Assistant Professor of Statistical Science
I am an Assistant Professor of the Department of Statistical Science at Duke University and affiliated faculty in Computer Science, Biostatistics and Bioinformatics, the information initiative at Duke (iiD), and the Social Science Research Institute. I also hold a Schedule A appointment at the U.S. Census Bureau.
My main research focus is on entity resolution (record linkage or deduplication), where the goal is to remove duplicated information from large, noisy databases in the absence of unique identifiers. In my research, I develop flexible methods for entity resolution that are able to handle the uncertainty of the record linkage process and can be easily integrated with post-linkage statistical analyses, such as logistic regression or capture recapture. In addition, a strength of the methods I propose, is that they are able to maintain low error rates (precision and recall) and beat the state-of-the-art methods in the literature in terms of these error rates. Furthermore, I have developed the first performance bounds for a general class of entity resolution models, illustrating when the bounds hold in practice. I proposed a new methodology for entity resolution, realizing that the size of the clusters grows sub-linearly compared to the number of records, which contrasts with many other processes. In turn, this had led to proposing a general class of models for clustering of tasks with a sublinear growth that are scalable, and illustrating their success for entity resolution.

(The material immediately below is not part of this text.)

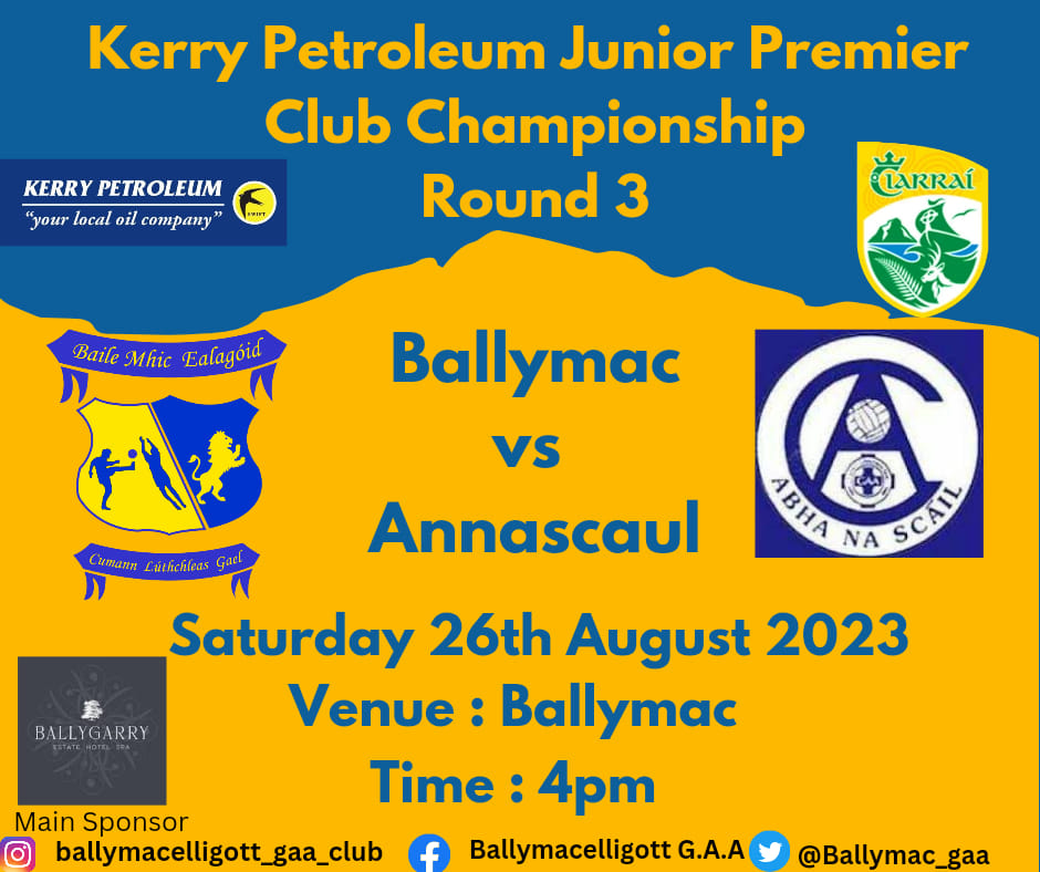 Kerry Petroleum Junior Premier Football Club Championship: Group B Round 3 @Ballymacelligott GAA Grounds. Ballymacelligott 3-11 Annascaul 1-13 Ballymacelligott and Annascaul came into this game with three points each. Sixteen minutes into the first half, Michéal Reidy intercepted a ball in the half-back line, an Annascaul move to up the pace after a Donal Daly […]

In addition to approaching entity resolution from a Bayesian perspective, I also approach it using statistical machine learning. Specifically, I have been able to leverage locality sensitive hashing (LSH) as a dimension reduction technique for entity resolution and develop fast ways of estimating the unique number of clusters in very large databases. In addition, we have shown that our methods have nice theoretical properties and are very scalable.
Duke Machine Learning
I am heavily involved in integrating computation into both the graduate and undergraduate statistics curriculum, using reproducible research and also using real and complex data sets. All of my courses that are taught at Duke can be found at github. In addition, I have taught the first course in Statistical Science in machine learning for undergraduates, and I'm working with students so that machine learning can have a greater presence on campus through the Duke Undergraduate Machine Learning (ML) Program (http://dukeml.org/) with the undergraduate ML board. We have a student run seminar series (MLBytes), bootcamps, a machine learning day, and a datathon.